Не вызывало сомнения, что домой – это не в гостиничный номер.
– Почему? – спросил я строго, хотя ответ в силу своей очевидности был не нужен: Лиза знала, что я больше не могу ее удерживать. Слишком уж размягчился, дать обратный ход не получится. Целей своих она достигла, могла теперь смело отправляться к любовнику, а меня послать подальше. Но я не угадал.
– Не хочу привыкать к хорошему, – с горечью произнесла она.
Поди пойми, как такой ответ расценить, и потому я лишь пожал плечами. Домой, так домой, – дело житейское. Интересно только, на какие деньги она собирается купить билет?
Словно прочитав мои мысли, Лиза попросила:
– Одолжишь мне на обратную дорогу? Я потом верну.

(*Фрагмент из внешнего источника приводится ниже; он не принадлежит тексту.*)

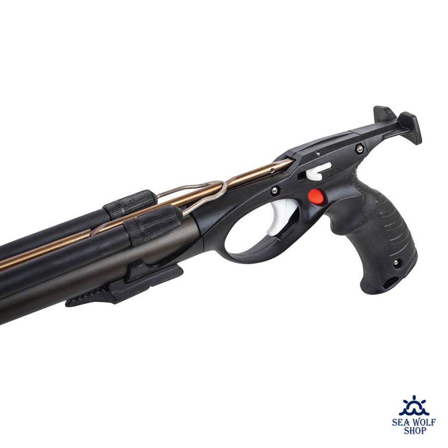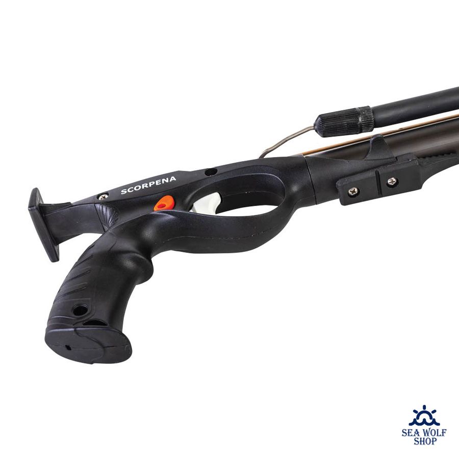 Максимальное удобство обеспечивает рукоятка анатомической формы из прочного пластика чёрного цвета, чтобы не демаскировать подводного охотника. Съёмный упор в ее торцевой части облегчает заряжание. Спусковой крючок и линесбрасыватель выполнены из контрастного пластика ярко-белого цвета. Кнопка предохранителя изготовлена красной – для лучшего визуального обнаружения.

Вернет, конечно! Подкараулят вместе с Олегом, и конец – делу венец! Мой откровенно саркастический взгляд Лиза истолковала правильно. И с горячностью воскликнула:
– Я, правда, верну!
Судя по всему, собралась продолжать игру, ставшую абсолютно бессмысленной. Странно, но впервые за последние дни я почувствовал усталость. Затея с совместной поездкой с самого начала была обречена на провал. Впрочем, Лиза полагала иначе.
– А хочешь – вернемся вместе? – предложила с надеждой.
– В лапы закона? Или твоего друга?
– Его больше не существует, ты же знаешь, – с упреком ответила она. – У меня остался только один друг – ты.
– Зачем же тогда возвращаться? Оставайся.
– Не получится. Хотела бы, но ничего не могу с собой поделать.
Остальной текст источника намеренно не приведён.